I have observed false timeouts for subnet creations. Subnet actually gets created but the reply says ERROR creating subnet. TIMED OUT.
Please find sosreports here: http://elk.browbeatproject.org:9090/~smalleni/sosreports/ The conrtoller sosreports are: sosreport-SaiMalleni-20180425124105.tar.xz sosreport-SaiMalleni-20180425124134.tar.xz sosreport-SaiMalleni-20180425124202.tar.xz
The attachments to the BZ only contain the openstack service logs, like nova, neutron etc (running in debug). The sosreports linked to in th eprevious comments are from the same environment.

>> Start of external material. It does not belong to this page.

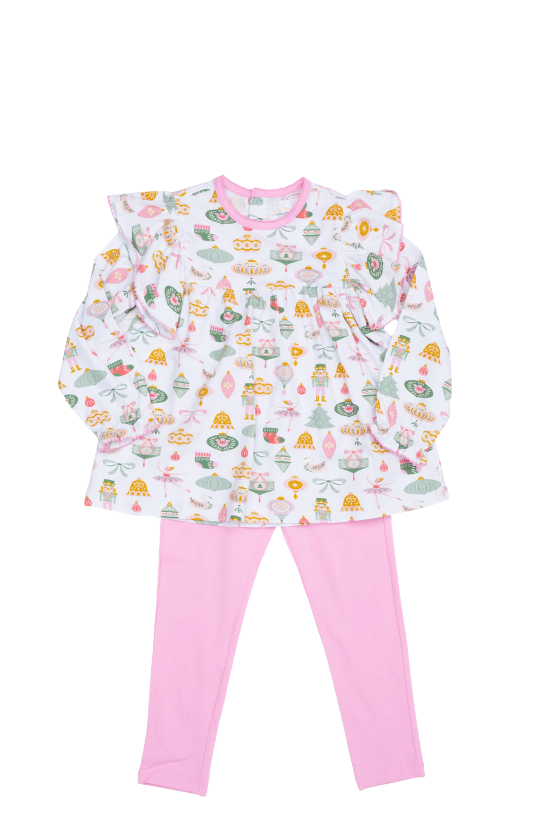 Celebrate the season in style with the Abree Sugar Plum Fairy Legging Set, crafted from the softest pima cotton for unmatched softness and comfort. Its whimsical Christmas print bursts with festive pinks, greens, and golds, perfectly capturing holiday cheer. Ideal for Christmas parties, this unique piece adds a playful yet elegant touch to your festive wardrobe.

I was able to reproduce this again on freshly deployed cloud. However I used a slightly different scenario this time. Earlier, I was hitting a 75 VM limit in the following scenario: Create a network Create subnet Launch a VM on that subnet So for every VM we wwere creating a new subnet. This time I launched all VMs on the same subnet. I got upto 112 VMs after which I got stuck. The most commons errors can be summed up as: 1. MessagingTimeout: Timed out waiting for a reply to message ID in neutron dhcp-agent, l3-agent and openvswitch agent logs along with nova-conductor logs. 2. We are also seeing DBDeadlock errors in neutron server, nova-conductor and ceilometer agent-notification logs. 3. ConnectTimeout in nova-api logs to neutron ConnectTimeout: Request to http://172.16.0.13:9696/v2.0/ports?device_id=b39cd902-8f24-40ca-b2d8-4fbf43e8dffa timed out In neutorn-server logs DBDeadlock: (pymysql.err.InternalError) (1205, u'Lock wait timeout exceeded; try restarting transaction') [SQL: u'UPDATE agents SET heartbeat_timestamp=%(heartbeat_timestamp)s WHERE agents.id = %(agents_id)s'] [parameters: {'heartbeat_timestamp': datetime.datetime(2018, 4, 26, 3, 0, 15, 923947), 'agents_id': u'229e8791-963e-450f-887b-17c72bd4263e'}] (Background on this error at: http://sqlalche.me/e/2j85) 2018-04-26 03:01:06.934 47 ERROR oslo_db.api ============================================================================== In nova-conductor logs DBDeadlock: (pymysql.err.InternalError) (1205, u'Lock wait timeout exceeded; try restarting transaction') [SQL: u'UPDATE services SET updated_at=%(updated_at)s, report_count=%(report_count)s WHERE services.id = %(services_id)s'] [parameters: {'services_id': 71, 'updated_at': datetime.datetime(2018, 4, 26, 3, 18, 5, 974982), 'report_count': 1704}] (Background on this error at: http://sqlalche.me/e/2j85) ============================================================================ In ceilometer agent-notification logs DBDeadlock: (pymysql.err.InternalError) (1205, u'Lock wait timeout exceeded; try restarting transaction') [SQL: u'INSERT INTO event (message_id, `generated`, raw, event_type_id) VALUES (%(message_id)s, %(generated)s, %(raw)s, %(event_type_id)s)'] [parameters: {'raw': '{}', 'generated': Decimal('1524712674.345072'), 'event_type_id': 416, 'message_id': u'95a7ae0f-9572-492a-b0b2-21e30d520b7c'}] (Background on this error at: http://sqlalche.me/e/2j85)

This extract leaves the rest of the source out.